これまでたくさんの投資本やお金の本を読んできましたが、給与明細からスタートする本は、私自身ははじめて読んだ気がします。
その上で、お金を貯める方法として、先取り貯蓄で仕組みを作ることを推奨しています。
給与明細という会社員の入口から、保険、ポイント投資、リボ払い、キャッシング、親の介護、退職金の話題や、公的年金や相続まで、この一冊で様々なお金の知恵を知ることができます。
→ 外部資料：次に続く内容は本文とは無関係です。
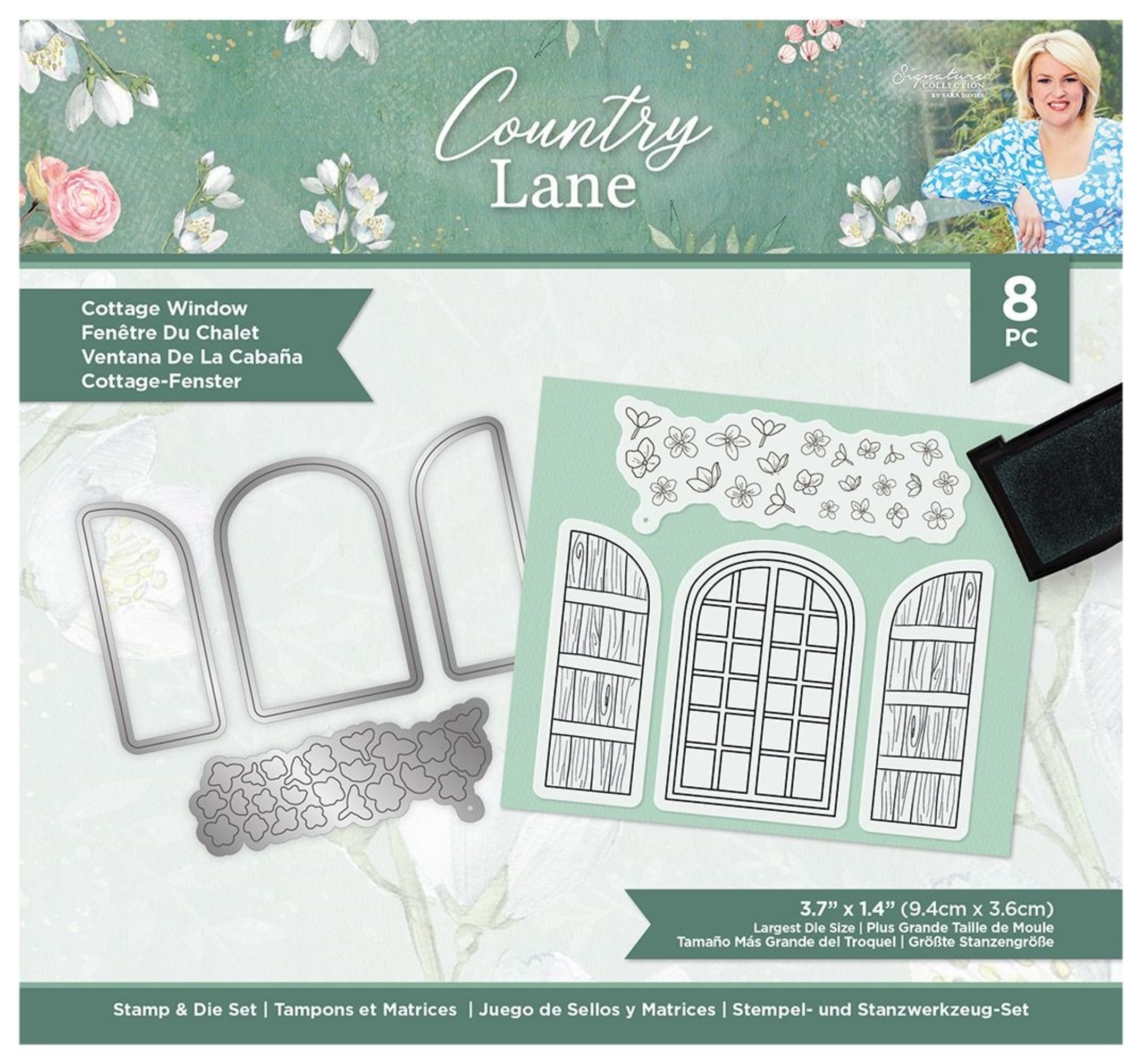 Escape the hustle and bustle of everyday life and breathe fresh country air into your cards and crafts with the Sara Signature Country Lane Collection. This papercraft collection invites you to take off your shoes and walk barefoot through the grass, admiring the natural splendour that graces the meadows and hedgerows of a quiet country lane. With rustic cottage windows and doors, heirloom-style embellishments, 3D peonies and dreamy watercolour florals this papercraft range encourages makers of all abilities to celebrate the glory of the natural world through cardmaking and crafts. The Cottage Window set includes 2 stamps and 2 dies to create a rustic style arched window with wooden shutters and a cloud of sweet flowers to surround it. Create different effects with this versatile set! You can have the shutters open or closed, use 3D foam pads to add extra dimension to the shutters, or use a craft knife to create an aperture in the window and acetate behind for a realistic effect. All you need is a die-cutting machine, a die and your chosen card or paperstock. Simply create your plate combination using the helpful Sandwich Guide in the instruction manual and run through your die-cutting machine - it’s that simple! The stamps are made from the highest quality clear acrylic, which means that you can see straight through the stamp to line up the image accurately. Just adhere your chosen stamp to an acrylic block or Rock-a-Block and stamp away! This means that you're guaranteed accurate impressions every time. Stamps, dies, beautiful lace ribbon, and stunning paper pads with a palette of warm pastoral greens, rose pinks and soft blue. Take a stroll through the Sara Signature Country Lane Collection to bring the joy of the outside into your cards, crafts, gift bags and more! 9,4 x 3,6 cm (größte Stanzschablone)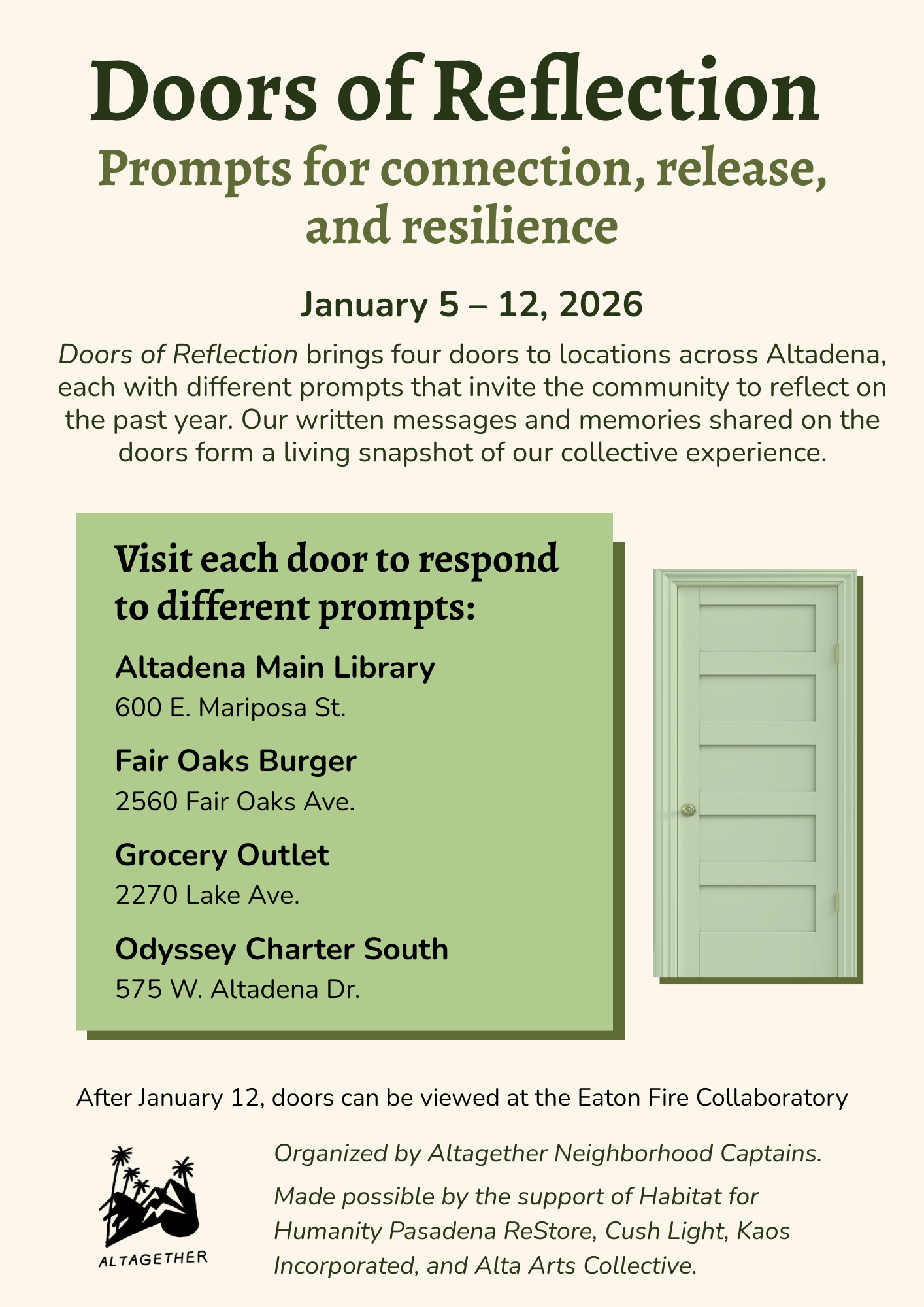 Join us at this event for the one-year anniversary of the Eaton Canyon Fire. You’ll see poets, writers, and community members reflect on memory, healing, and rebuilding. Through storytelling, photos, video, poetry, and shared reflection, the event creates space for collective mourning, connection, and the quiet hope that glows even in the darkest seasons—symbolized by the winter starlight that has long illuminated Altadena’s foothills. The evening underscores the vital role of arts and literature in healing and cultivating belonging. Participants: • Nahshon Dion, Writer • Florence Annang, Founder, THRIVE Learning Lab • Hans Allhoff, Chair, Altadena Heritage • Michele Zack, Historian & Writer • Pablo Miralles, Filmmaker • Heather Morrow, Artist • Brandon Lamar, President, Pasadena NAACP • Patricia Cunliffe, Filmmaker • LZ Love, Singer & Songwriter • Erica Slater, Altadena Community Garden • Sunny Mills, Photographer • Sam James, CEO & Co-Founder, Altadena Recovery Team (ART) • Kristen Ochoa, Founder, Chaney Trail Corridor Project

お金の基本をまっとうな形で展開しているのが本書の1つの特徴です。
第2は、会社員に関する制度を丁寧に説明してくれているところです。
健康保険、障害年金、労災、失業保険など、会社員なら用語くらいは聞いたことがあると思いますが、自分にとってどういうメリットがあるか把握しているでしょうか。
健康保険、障害年金、労災、失業保険などが自分にとってどんなメリットがあるのかをわかりやすく説明してくれるとともに、医療保険や生命保険の使い方、さらには、フリーランスやFIREなどの話にも話題を展開してくれています。
さまざまなリスクを知ることも大事なことです。お金や働き方も含めて、まっとうな生き方やリスク管理の仕方を教えてくれます。
第3は、投資について基本的なところから説明をしてくれているところです。
本書は、いわゆる投資本とは違って、投資の入口に近づけてくれる内容になっています。
印象的だったのは、投資の意義は、「社会にとって必要不可欠な仕組みに参加する、自分の大事なお金を参加させること」と指摘しているところです。
「投資」とは何か、というところを丁寧に説明してくれている点もいいところだと思いました。投資信託やつみたてNISA、iDeCoなどの基本についても説明してくれています。
また、川部さんご自身が、ネット証券でどんな投資をしているかも書いてくれていますので、投資を身近に感じることができると思います。
お金の知識があれば人生が歩みやすいものになる
川部さんは、序章で次のように書いています。
実は日本では、家庭でも学校でも社会でも、お金に関する「知識」を学ぶ機会は非常に少ないのです。例えば「無駄使いはいけない」「貯金しなさい」と母親にいわれた程度ではないでしょうか。義務教育で、税金や社会保険、預貯金やローン、投資の基本、クレジットカードなどのキャッシュレス決済、不動産、相続など、個人の家計に関わるお金の基礎知識を学んでいけたら、もっと人生が歩みやすいものになると思いませんか?
川部さんが指摘するとおり、お金の知識は、学校で学ぶ機会はほとんどありません。
現状では、自分で学ぶしかないのがお金の知識です。
お金の知識があると、人生は歩みやすいものになると私も思います。
本書は、全体を通じて、川部さんのセミナーを受けているような気分になれる本です。
私はラジオやテレビで知っているので、いかにも川部さんらしい感じが文章から伝わりました。
そして、あくまで私の感想ですが、この本はどこか「北海道の人が書いた本だな」と思わせる部分があります。歯切れがいいのです。道民のみなさんには特に心地いいと思います。
お金についてこれまであまり知る機会がなかった人に合わせて、会社員に必要なお金の知識を説明してくれる本というのは、じつはあまり多くありません。
新書サイズでコンパクトにまとまっています。
会社員に必要なお金の基本を身につけることができる有益な1冊になっています。